Chapter 47:

47: A Sad Memory

Wandering Note Fantasy


“So, about what we were talking about earlier… you’re Tom, right?”

Rena asked as the soft glow from the corridor of mirrors lit her back.

“Yes, my name’s Tom. What’s yours, big sis?”

Tom showed no particular surprise when she said his name.
Behind him, the same endless darkness stretched out as it had when they first arrived.

Yet, somehow, his body gave off a gentle light, illuminating the shadows around them.

“I’m Rena. Rena Tenor.
And you’re Tom Hawthorne, aren’t you?”

“Yeah, I think that’s right.
Huh, so your name’s Rena too.”

“Huh?”

“There was a girl named Rena I used to know—a childhood friend.
But… she drowned in the pond.”

Rena’s breath caught as she recalled a strange, dreamlike memory—of herself sobbing at the edge of a pond, right before she had encountered Dan.

—It was the golden light that saved Rena that day—

Thinking back to the words the boy had suddenly spoken that day, it seemed that in that version of events, she had been the one who was saved.

A “setting”… Rena remembered Dan’s words and suddenly felt a creeping unease.
Something enormous was connecting her and this boy.
Something beyond coincidence.

“Wait—hold on! That girl… she was saved, right?
A golden light appeared from the pond and—”

Rena couldn’t hold back her feelings any longer.
Rena’s voice broke through, unfiltered.

“The golden light, yeah, that’s true.
But it was me who got saved.
Were you really there, big sis?”

Little Tom looked up at Rena with a surprised expression and went on.
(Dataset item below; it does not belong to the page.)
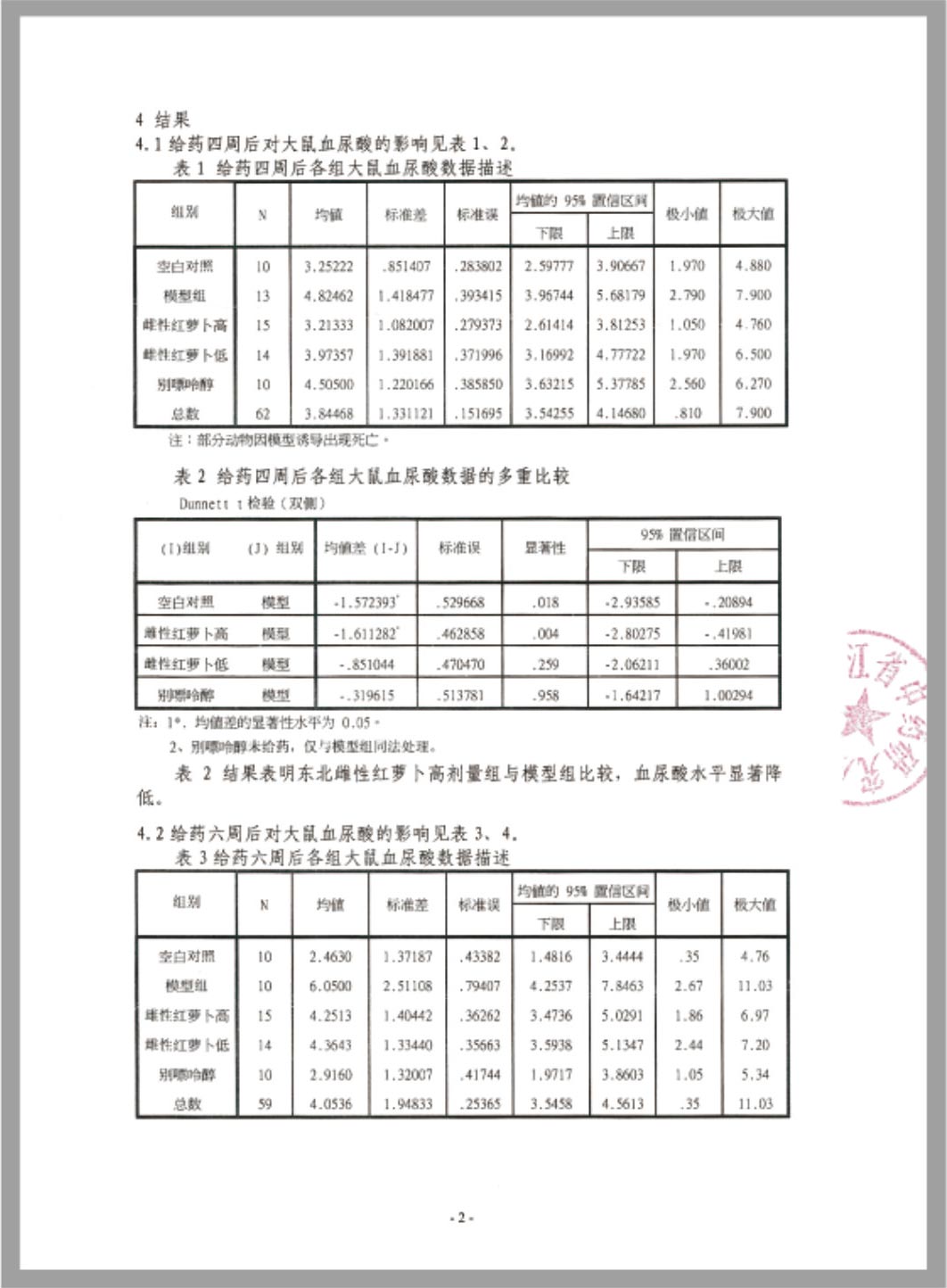 結(jié)論:血尿酸升高是引發(fā)痛風(fēng)的一個(gè)重要原因。實(shí)驗(yàn)結(jié)果表明,東北雌性紅蘿卜對于酵母加腺嘌呤誘導(dǎo)的高血尿酸大鼠模型,以30g/kg的劑量給予四周后,其降尿酸效果具有高度統(tǒng)計(jì)學(xué)意義。說明“抗風(fēng)紅·東北雌性紅蘿卜”對于尿酸升高引起的痛風(fēng)具有顯著的作用。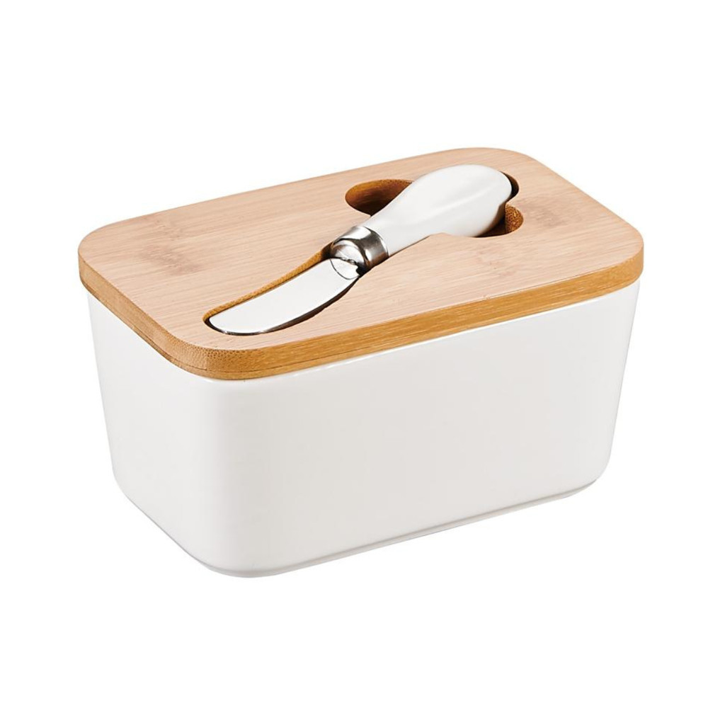 MANTEIGUEIRA DE PORCELANA COM ESPATULA + TAMPA DE BAMBU CASUAL HAUSKRAFT 400ML 15X8,5X7CM

“Rena dropped her stuffed animal into the water, and I tried to get it for her.
But I slipped and fell in.
Then she tried to save me, and… she fell in too.”

Because I dropped the stuffed animal, Tom tried to pick it up—

Rena thought she suddenly heard the voice of the girl in the one-piece dress from that day.

Dropped it into the pond, tried to retrieve it, and both fell in—that much aligned.
But what happened after… didn’t match.

“So… Tom was saved, and the girl… she drowned…”

Rena whispered, clearly confused.

If parallel worlds truly existed, it would all make sense.
In Rena’s world, she had been the one who survived.
But in this child-Tom’s world, he had been the one saved.
Both worlds existed. Both timelines moved forward.
And the force that triggered this strange divergence, Rena realized, must have been the light from the golden axe.

“Wait, big sis… are you the Rena who drowned?”

Tom, suddenly taken aback, peered into Rena’s face.

“Are you… the Tom who drowned?”

They both froze, their voices overlapping—each struck by the same chilling realization.